### Material provided
**********
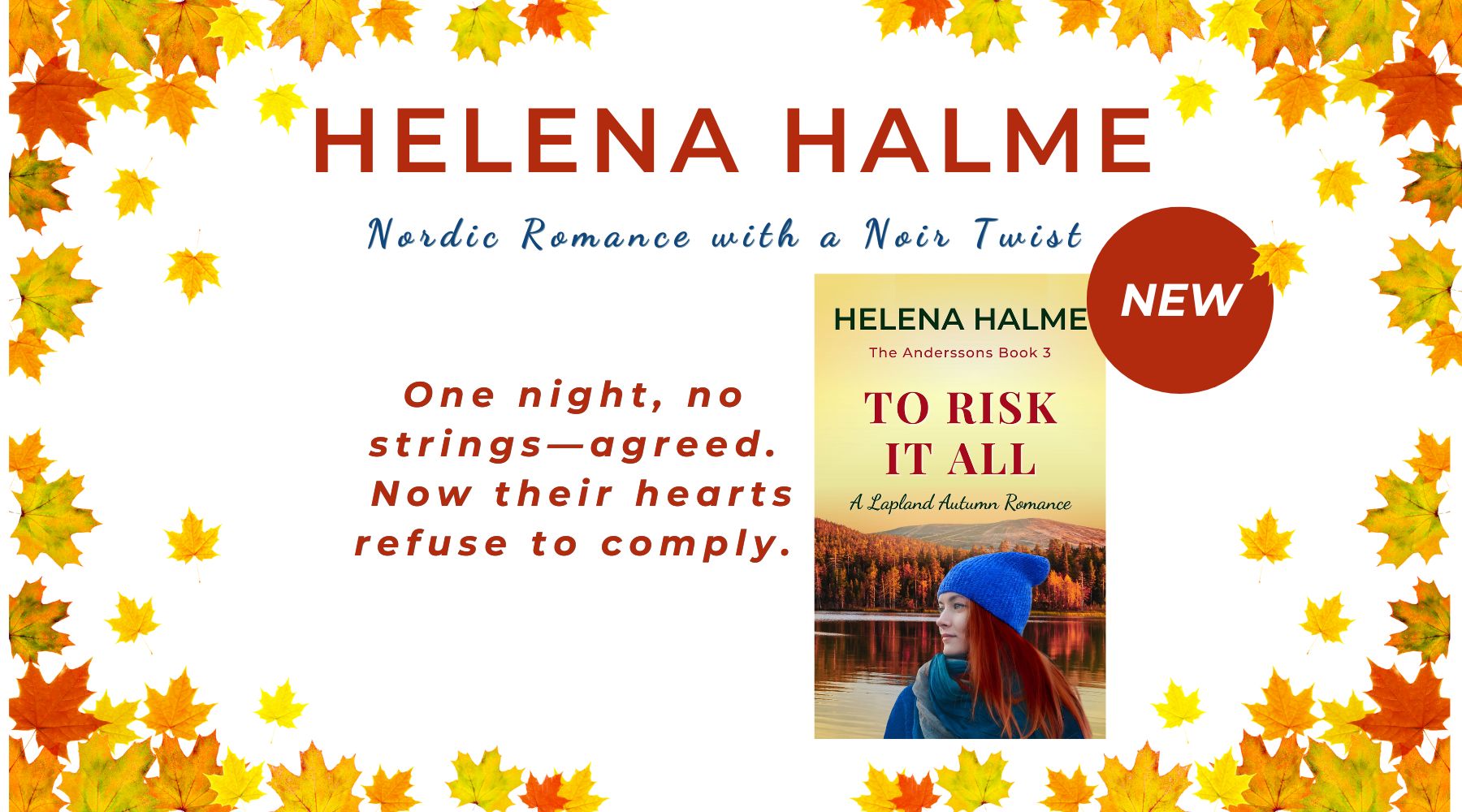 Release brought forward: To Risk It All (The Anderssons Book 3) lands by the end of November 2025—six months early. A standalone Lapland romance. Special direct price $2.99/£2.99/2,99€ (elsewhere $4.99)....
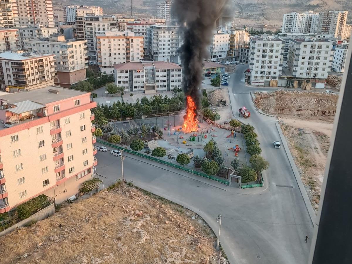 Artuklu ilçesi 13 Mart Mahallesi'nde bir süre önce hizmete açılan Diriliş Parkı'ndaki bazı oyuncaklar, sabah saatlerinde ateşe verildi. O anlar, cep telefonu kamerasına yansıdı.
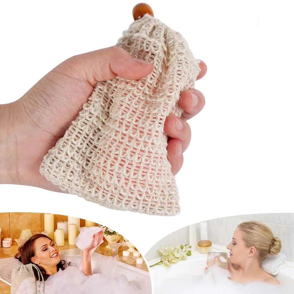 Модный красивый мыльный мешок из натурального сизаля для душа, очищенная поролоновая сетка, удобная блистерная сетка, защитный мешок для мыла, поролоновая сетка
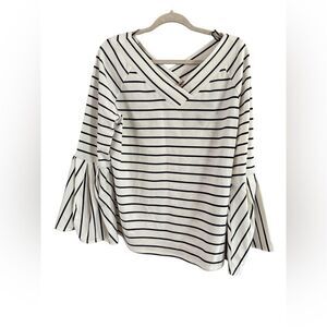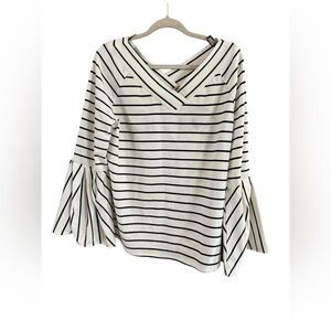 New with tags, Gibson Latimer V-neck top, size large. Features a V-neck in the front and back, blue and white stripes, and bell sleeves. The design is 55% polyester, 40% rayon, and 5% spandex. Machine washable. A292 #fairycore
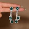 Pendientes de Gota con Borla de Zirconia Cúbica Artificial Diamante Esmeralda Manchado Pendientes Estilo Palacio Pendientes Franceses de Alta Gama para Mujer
**********
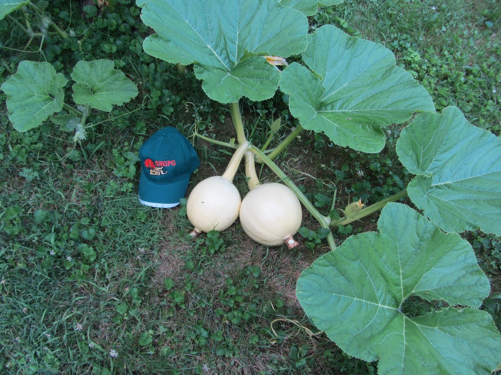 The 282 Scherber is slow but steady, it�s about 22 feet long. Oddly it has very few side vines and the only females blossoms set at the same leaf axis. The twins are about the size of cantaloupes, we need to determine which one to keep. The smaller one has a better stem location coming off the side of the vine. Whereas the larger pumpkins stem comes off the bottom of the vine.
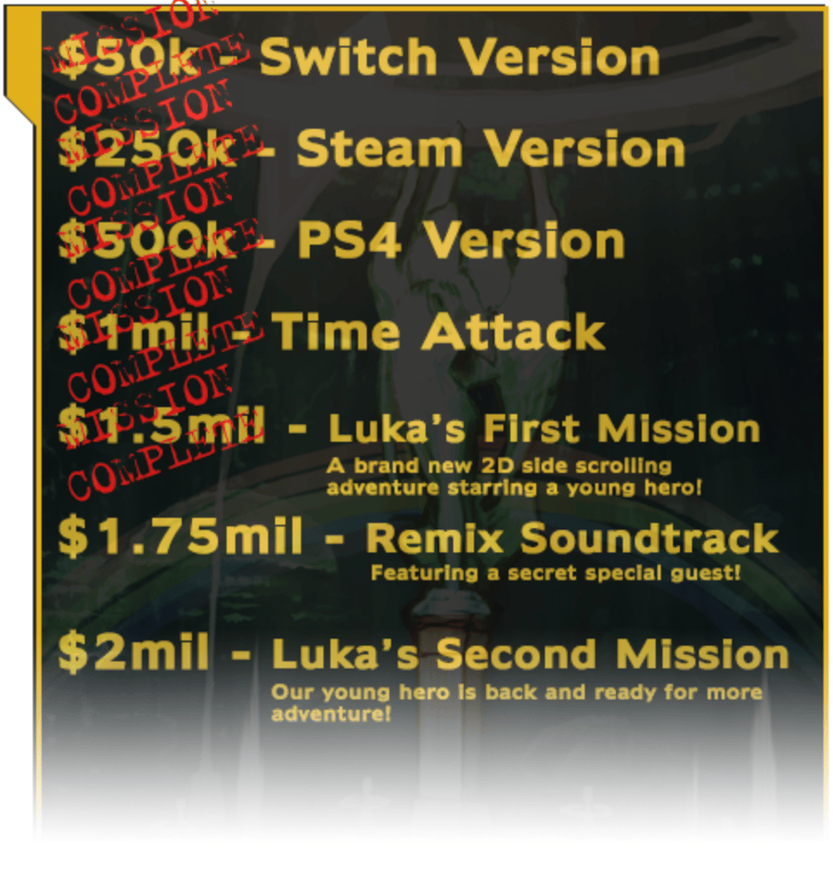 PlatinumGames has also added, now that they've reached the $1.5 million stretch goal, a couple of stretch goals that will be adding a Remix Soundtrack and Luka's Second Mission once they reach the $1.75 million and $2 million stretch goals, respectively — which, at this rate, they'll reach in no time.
**********
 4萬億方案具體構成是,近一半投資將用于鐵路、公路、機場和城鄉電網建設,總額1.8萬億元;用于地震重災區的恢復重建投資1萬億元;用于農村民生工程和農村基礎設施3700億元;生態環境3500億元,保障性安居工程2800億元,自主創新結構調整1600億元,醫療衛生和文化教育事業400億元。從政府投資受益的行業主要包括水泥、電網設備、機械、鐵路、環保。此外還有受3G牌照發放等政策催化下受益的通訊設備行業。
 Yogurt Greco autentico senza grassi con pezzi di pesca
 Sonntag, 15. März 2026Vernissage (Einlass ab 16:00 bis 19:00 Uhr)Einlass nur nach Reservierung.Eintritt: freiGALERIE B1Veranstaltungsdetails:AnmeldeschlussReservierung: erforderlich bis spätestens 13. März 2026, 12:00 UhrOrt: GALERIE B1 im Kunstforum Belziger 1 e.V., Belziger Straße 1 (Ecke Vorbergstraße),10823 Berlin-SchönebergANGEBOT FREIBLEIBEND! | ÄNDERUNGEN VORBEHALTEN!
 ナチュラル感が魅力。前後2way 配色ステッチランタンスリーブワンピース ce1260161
**********
### Brief
Could you set down, word for word, only the lines above from the line with "4萬億方案具體構成是,近一半" to the line with "Yogurt Greco autentico", including both?

### Worked solution
 4萬億方案具體構成是,近一半投資將用于鐵路、公路、機場和城鄉電網建設,總額1.8萬億元;用于地震重災區的恢復重建投資1萬億元;用于農村民生工程和農村基礎設施3700億元;生態環境3500億元,保障性安居工程2800億元,自主創新結構調整1600億元,醫療衛生和文化教育事業400億元。從政府投資受益的行業主要包括水泥、電網設備、機械、鐵路、環保。此外還有受3G牌照發放等政策催化下受益的通訊設備行業。
 Yogurt Greco autentico senza grassi con pezzi di pesca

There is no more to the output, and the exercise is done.